Behind every concert or sporting event is a workforce of thousands: disconnected, temporary, and difficult to manage. Ubeya is turning that chaos into a real-time operating system for hourly workers.

When fans walk into Wembley Stadium or Wimbledon, they see the show - but what they don’t see is everything underneath it: An ‘invisible’ workforce working hard in unison, powering the global experience economy to make sure the event is running seamlessly.

“In order to make an experience… it can be thousands of workers,” Omri Dekalo explained.

The hidden infrastructure behind modern events is a fragmented labor force made up of temporary workers, contractors, and staffing agencies. It spans industries (from sports and concerts to catering, security, and hospitality) and often operates in clear view but with near-total invisibility.

“No one feels it, no one sees it,” Dekalo said. “It just works and it creates amazing moments.” But beneath that seamless experience is a system that, until recently, was anything but that.

Dekalo is the co-founder and CEO of Ubeya, an Israeli B2B SaaS platform positioning itself as an “operating system” for this invisible workforce. With more than 250,000 workers on the platform and clients including Wembley, Wimbledon, and the UEFA Champions League Final, Ubeya sits at the intersection of the gig economy, HR tech, and the multibillion-dollar live events industry.

It’s a space that, until recently, many will recognize as still being managed largely through WhatsApp groups or spreadsheets. Workers would check in via pen and paper, or be reassigned mid-shift with a handwritten note.

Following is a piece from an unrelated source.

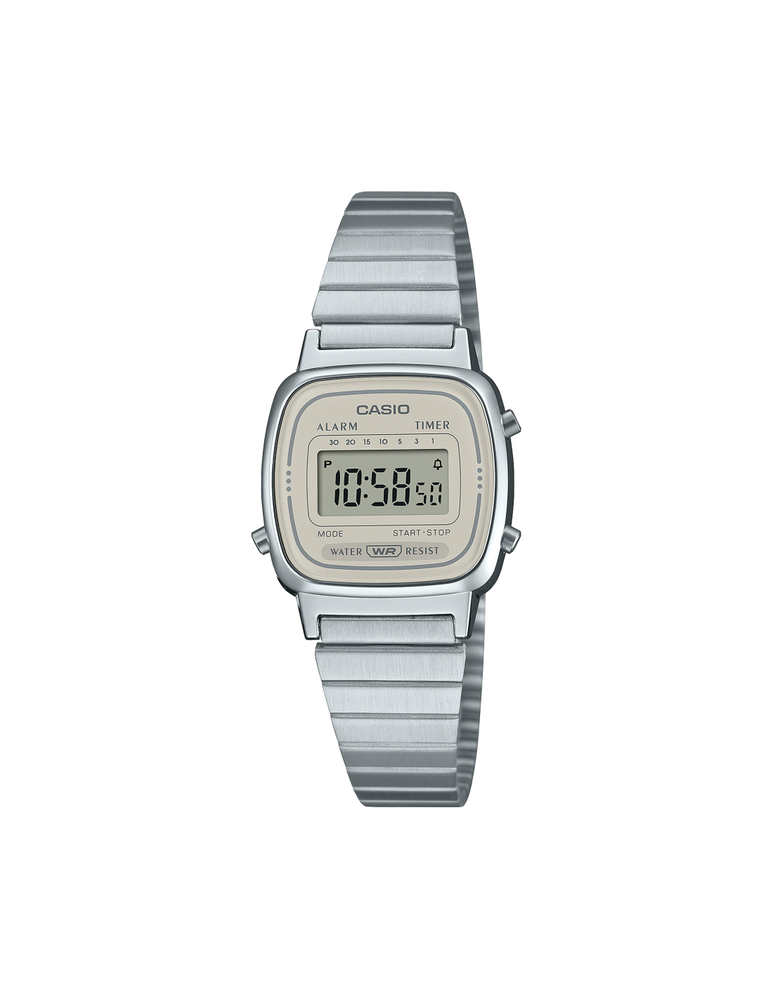 I delicati colori del quadrante in una serie di rilassanti sfumature di grigio aggiungono un tocco urban retrò alla combinazione dal design classico di cassa quadrata e cinturino metallico. Un orologio digitale per gli amanti della moda che amano esprimere il proprio stile pur rimanendo sempre al passo con le ultime tendenze.

The scale of what happens behind the scenes at a major event is something most attendees never consider. A Taylor Swift concert is not a Champions League final - even if they sometimes use the same venue. Each event requires a completely different configuration of workers like caterers, cleaners, security personnel, stagehands, or bar staff.

Many of these workers don’t even work directly for the venue itself.

At Wembley, as at most major stadiums globally, a significant portion of the workforce is sourced through third-party agencies. Before platforms like Ubeya, coordinating all of them would take up space, time, and energy for all involved.

“It’s moments that people like remember for their whole life,” he said, discussing the excitement of attending a live event. “And in order to make it happen, there are a lot of stakeholders… that are doing a lot of work there. It can be thousands of workers that are coming early in the morning.”

Ubeya's platform streamlines that complexity into a single system. Managers can check worker availability, book and approve staff, track time and attendance, and run payroll all from one place.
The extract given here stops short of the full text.